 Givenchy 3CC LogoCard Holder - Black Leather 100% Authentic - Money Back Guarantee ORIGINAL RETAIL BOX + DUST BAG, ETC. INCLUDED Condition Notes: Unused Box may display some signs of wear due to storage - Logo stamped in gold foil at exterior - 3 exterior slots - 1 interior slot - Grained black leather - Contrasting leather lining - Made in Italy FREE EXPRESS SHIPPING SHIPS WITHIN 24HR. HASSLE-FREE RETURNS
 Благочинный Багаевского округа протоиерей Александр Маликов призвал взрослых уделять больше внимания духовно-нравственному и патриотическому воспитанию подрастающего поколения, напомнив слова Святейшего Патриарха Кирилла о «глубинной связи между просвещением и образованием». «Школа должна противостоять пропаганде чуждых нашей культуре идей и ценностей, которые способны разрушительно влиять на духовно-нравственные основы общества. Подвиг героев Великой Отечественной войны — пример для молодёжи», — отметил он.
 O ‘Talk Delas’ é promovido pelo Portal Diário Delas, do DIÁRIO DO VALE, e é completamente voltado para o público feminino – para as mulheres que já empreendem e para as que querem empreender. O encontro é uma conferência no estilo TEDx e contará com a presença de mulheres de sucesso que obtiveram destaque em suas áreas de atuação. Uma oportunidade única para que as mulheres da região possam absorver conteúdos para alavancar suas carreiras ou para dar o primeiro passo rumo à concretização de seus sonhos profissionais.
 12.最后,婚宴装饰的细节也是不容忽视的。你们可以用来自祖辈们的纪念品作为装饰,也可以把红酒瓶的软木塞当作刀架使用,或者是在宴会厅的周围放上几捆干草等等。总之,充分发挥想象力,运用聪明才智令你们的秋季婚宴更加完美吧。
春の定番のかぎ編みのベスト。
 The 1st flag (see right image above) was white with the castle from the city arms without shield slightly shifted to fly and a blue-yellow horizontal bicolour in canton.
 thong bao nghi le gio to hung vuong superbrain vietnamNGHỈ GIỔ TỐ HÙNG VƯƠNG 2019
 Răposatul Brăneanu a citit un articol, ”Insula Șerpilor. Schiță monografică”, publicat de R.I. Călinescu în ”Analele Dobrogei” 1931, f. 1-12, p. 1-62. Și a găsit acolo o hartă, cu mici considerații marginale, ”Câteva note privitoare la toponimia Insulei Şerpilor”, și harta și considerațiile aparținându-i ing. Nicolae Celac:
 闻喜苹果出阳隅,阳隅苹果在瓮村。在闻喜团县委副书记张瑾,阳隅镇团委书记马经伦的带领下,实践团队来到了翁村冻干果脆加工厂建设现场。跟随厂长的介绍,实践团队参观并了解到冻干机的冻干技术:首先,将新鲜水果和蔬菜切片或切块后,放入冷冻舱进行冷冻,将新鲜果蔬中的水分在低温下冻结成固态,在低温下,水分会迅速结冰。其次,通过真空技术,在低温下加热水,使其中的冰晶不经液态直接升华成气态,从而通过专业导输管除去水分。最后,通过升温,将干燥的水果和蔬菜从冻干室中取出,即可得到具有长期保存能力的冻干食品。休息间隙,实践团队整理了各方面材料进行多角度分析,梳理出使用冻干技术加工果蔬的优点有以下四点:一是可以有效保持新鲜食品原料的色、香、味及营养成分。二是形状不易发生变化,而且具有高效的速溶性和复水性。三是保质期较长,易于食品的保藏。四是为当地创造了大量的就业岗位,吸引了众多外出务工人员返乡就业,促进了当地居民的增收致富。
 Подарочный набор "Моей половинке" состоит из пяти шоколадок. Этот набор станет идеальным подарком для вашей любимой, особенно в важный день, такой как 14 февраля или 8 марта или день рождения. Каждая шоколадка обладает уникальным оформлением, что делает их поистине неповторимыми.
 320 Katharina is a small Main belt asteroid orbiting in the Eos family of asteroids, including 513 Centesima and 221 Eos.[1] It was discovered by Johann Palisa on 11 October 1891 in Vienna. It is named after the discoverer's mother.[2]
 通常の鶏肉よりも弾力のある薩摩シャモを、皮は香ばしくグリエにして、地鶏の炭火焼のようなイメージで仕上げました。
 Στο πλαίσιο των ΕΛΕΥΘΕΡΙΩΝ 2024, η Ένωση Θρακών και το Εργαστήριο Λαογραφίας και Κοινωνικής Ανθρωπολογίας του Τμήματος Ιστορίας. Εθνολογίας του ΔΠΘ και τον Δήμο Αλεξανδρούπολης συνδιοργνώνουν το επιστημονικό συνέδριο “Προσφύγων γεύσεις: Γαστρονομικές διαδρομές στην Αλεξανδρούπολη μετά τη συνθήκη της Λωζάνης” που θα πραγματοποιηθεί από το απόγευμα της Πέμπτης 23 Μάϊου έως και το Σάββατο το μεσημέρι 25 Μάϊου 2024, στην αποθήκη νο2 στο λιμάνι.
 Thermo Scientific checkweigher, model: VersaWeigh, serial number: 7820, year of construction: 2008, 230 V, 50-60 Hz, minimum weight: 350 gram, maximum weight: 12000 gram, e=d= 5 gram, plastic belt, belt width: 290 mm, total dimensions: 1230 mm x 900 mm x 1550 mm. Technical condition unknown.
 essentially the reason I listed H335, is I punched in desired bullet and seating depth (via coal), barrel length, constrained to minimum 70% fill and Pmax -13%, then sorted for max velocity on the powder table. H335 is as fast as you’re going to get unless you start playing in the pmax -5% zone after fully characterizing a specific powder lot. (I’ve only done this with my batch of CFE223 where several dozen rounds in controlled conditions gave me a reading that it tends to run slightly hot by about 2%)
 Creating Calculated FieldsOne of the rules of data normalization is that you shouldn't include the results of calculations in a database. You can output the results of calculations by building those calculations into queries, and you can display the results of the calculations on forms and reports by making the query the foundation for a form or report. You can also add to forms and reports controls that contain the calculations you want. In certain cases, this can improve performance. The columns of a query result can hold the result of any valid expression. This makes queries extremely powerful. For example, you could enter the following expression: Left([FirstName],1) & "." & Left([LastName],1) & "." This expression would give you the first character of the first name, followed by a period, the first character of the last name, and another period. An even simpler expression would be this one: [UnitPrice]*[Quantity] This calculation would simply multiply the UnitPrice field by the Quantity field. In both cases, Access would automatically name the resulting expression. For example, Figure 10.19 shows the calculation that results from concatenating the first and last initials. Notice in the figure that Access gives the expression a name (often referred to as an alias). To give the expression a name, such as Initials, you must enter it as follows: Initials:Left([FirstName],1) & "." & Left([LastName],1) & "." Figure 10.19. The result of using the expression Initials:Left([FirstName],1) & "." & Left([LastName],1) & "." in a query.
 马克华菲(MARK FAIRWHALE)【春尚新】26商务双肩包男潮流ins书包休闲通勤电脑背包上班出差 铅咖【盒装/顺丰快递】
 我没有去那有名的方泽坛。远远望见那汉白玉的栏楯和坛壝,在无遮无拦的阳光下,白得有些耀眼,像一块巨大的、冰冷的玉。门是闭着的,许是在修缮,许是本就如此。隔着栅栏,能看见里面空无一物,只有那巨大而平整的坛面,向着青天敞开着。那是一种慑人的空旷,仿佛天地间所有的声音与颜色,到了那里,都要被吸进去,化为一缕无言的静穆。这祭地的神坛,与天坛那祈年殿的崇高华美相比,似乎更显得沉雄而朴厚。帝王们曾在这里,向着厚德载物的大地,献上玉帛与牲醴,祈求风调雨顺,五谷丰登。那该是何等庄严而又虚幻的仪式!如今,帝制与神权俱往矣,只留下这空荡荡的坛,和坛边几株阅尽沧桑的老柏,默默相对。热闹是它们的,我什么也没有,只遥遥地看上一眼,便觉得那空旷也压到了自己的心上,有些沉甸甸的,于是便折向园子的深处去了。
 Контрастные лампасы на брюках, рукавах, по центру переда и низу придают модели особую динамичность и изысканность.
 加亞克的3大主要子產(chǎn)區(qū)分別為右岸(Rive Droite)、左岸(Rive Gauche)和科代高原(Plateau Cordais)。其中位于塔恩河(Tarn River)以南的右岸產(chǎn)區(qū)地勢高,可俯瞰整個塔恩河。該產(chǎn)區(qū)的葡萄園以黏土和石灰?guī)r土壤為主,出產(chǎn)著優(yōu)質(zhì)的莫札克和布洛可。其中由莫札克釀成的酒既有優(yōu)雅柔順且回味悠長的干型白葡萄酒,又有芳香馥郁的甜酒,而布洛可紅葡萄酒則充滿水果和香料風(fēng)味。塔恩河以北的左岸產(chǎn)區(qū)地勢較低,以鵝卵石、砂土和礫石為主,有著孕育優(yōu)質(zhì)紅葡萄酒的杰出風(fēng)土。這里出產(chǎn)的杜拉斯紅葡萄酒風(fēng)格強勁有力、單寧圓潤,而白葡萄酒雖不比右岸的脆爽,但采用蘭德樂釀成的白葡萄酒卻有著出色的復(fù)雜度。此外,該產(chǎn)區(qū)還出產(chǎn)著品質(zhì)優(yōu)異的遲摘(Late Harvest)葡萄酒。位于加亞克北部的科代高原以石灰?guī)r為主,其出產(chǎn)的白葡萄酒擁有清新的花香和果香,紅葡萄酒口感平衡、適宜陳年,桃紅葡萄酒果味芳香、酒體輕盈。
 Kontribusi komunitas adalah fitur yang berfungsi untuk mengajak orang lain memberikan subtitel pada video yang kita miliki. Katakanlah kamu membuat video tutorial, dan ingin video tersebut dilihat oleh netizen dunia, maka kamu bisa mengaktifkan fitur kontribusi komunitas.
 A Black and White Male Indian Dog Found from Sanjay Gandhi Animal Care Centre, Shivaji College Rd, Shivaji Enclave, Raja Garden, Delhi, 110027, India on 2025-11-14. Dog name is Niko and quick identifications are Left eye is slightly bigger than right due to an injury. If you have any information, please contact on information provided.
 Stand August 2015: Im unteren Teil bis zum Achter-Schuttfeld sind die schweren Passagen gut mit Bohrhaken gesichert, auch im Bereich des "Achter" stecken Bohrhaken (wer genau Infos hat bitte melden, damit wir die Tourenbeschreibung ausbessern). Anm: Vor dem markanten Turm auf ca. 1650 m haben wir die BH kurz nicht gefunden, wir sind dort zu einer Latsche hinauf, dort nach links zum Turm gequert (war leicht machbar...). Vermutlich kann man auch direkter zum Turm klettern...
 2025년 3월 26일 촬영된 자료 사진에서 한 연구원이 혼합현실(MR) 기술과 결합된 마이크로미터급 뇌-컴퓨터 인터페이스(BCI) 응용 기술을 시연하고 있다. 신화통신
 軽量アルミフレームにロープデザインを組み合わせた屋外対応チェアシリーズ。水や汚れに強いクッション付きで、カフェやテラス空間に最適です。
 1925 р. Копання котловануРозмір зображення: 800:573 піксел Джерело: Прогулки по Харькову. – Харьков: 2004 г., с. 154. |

§ §

**What this task involves:**
Quote exactly the first line of the data and every line after it through the one holding "O ‘Talk Delas’".

**Solution to this exercise:**
 Givenchy 3CC LogoCard Holder - Black Leather 100% Authentic - Money Back Guarantee ORIGINAL RETAIL BOX + DUST BAG, ETC. INCLUDED Condition Notes: Unused Box may display some signs of wear due to storage - Logo stamped in gold foil at exterior - 3 exterior slots - 1 interior slot - Grained black leather - Contrasting leather lining - Made in Italy FREE EXPRESS SHIPPING SHIPS WITHIN 24HR. HASSLE-FREE RETURNS
 Благочинный Багаевского округа протоиерей Александр Маликов призвал взрослых уделять больше внимания духовно-нравственному и патриотическому воспитанию подрастающего поколения, напомнив слова Святейшего Патриарха Кирилла о «глубинной связи между просвещением и образованием». «Школа должна противостоять пропаганде чуждых нашей культуре идей и ценностей, которые способны разрушительно влиять на духовно-нравственные основы общества. Подвиг героев Великой Отечественной войны — пример для молодёжи», — отметил он.
 O ‘Talk Delas’ é promovido pelo Portal Diário Delas, do DIÁRIO DO VALE, e é completamente voltado para o público feminino – para as mulheres que já empreendem e para as que querem empreender. O encontro é uma conferência no estilo TEDx e contará com a presença de mulheres de sucesso que obtiveram destaque em suas áreas de atuação. Uma oportunidade única para que as mulheres da região possam absorver conteúdos para alavancar suas carreiras ou para dar o primeiro passo rumo à concretização de seus sonhos profissionais.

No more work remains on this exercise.